### Task directions
Extract each line of the material that follows exactly and omit its pictures.

### Data extract

┌──

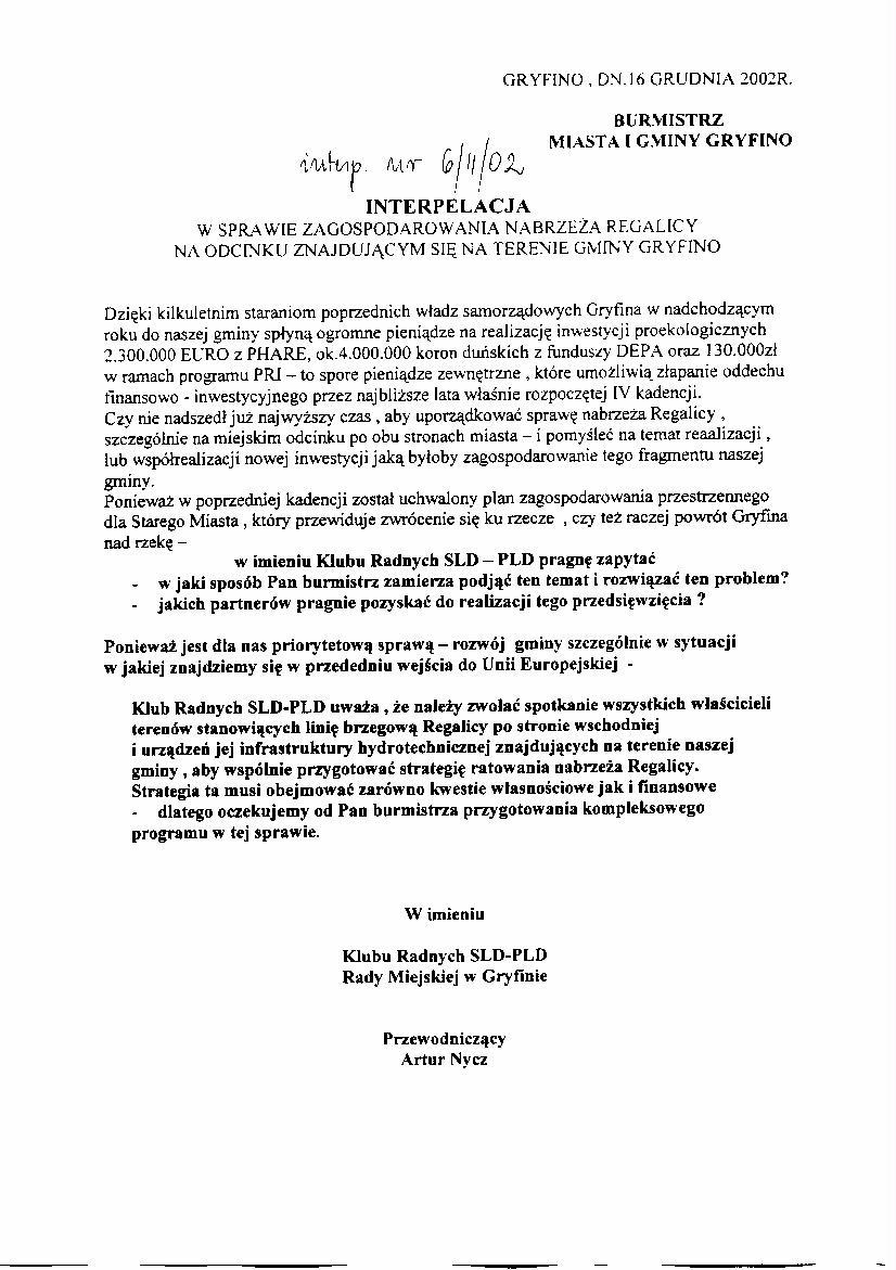14/II/02 - za dwa lata Gryfino będzie obchodziło 750 - lecie nadania praw miejskich. Na Górnym Tarasie w Gryfinie budowany jest nowy kościół. Rozmawiałem z Proboszczem ks. Wojciechem Musiałkiem, który powiedział, że do nowego kościoła potrzebny jest dzwon. Wobec powyższego proponuję rozważyć możliwość ufundowania w/w dzwonu.
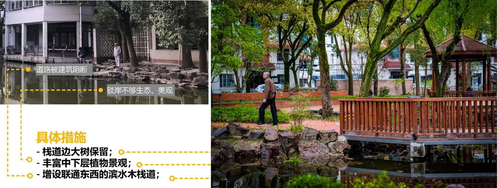 ↑ 湖邊棧道改造前后
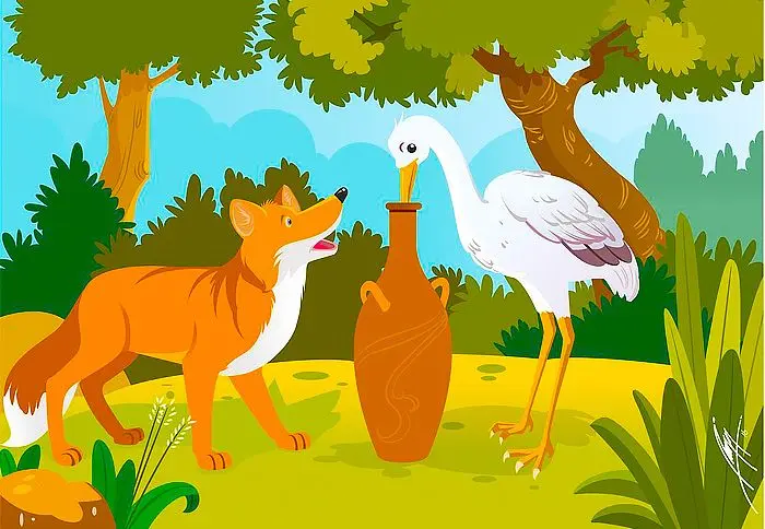 Em outro dia, houve o revide. A Cegonha preparou uma apetitosa e suculenta sopa. Na beira da Lagoa, a Cegonha serviu então a sopa num jarro largo embaixo e estreito em cima.
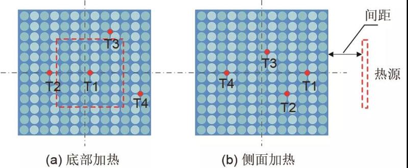實(shí)驗(yàn)中,在電池組內(nèi)部布置4根K型鎧裝熱電偶(T1、T2、T3、T4),熱電偶直徑1 mm,熱電偶位于電池芯中間位置,距離底部30 mm,用于采集電池組不同位置的溫度變化情況,但對(duì)于底部加熱和側(cè)面加熱兩種方式,熱電偶的布置位置并不相同,如圖4所示,紅色虛線框表示外加熱源(電熱爐)。此外在正面設(shè)置一個(gè)高清攝像機(jī),記錄電池組的燃燒蔓延過程。

└──

### Answer to the exercise
14/II/02 - za dwa lata Gryfino będzie obchodziło 750 - lecie nadania praw miejskich. Na Górnym Tarasie w Gryfinie budowany jest nowy kościół. Rozmawiałem z Proboszczem ks. Wojciechem Musiałkiem, który powiedział, że do nowego kościoła potrzebny jest dzwon. Wobec powyższego proponuję rozważyć możliwość ufundowania w/w dzwonu.
 ↑ 湖邊棧道改造前后
 Em outro dia, houve o revide. A Cegonha preparou uma apetitosa e suculenta sopa. Na beira da Lagoa, a Cegonha serviu então a sopa num jarro largo embaixo e estreito em cima.
實(shí)驗(yàn)中,在電池組內(nèi)部布置4根K型鎧裝熱電偶(T1、T2、T3、T4),熱電偶直徑1 mm,熱電偶位于電池芯中間位置,距離底部30 mm,用于采集電池組不同位置的溫度變化情況,但對(duì)于底部加熱和側(cè)面加熱兩種方式,熱電偶的布置位置并不相同,如圖4所示,紅色虛線框表示外加熱源(電熱爐)。此外在正面設(shè)置一個(gè)高清攝像機(jī),記錄電池組的燃燒蔓延過程。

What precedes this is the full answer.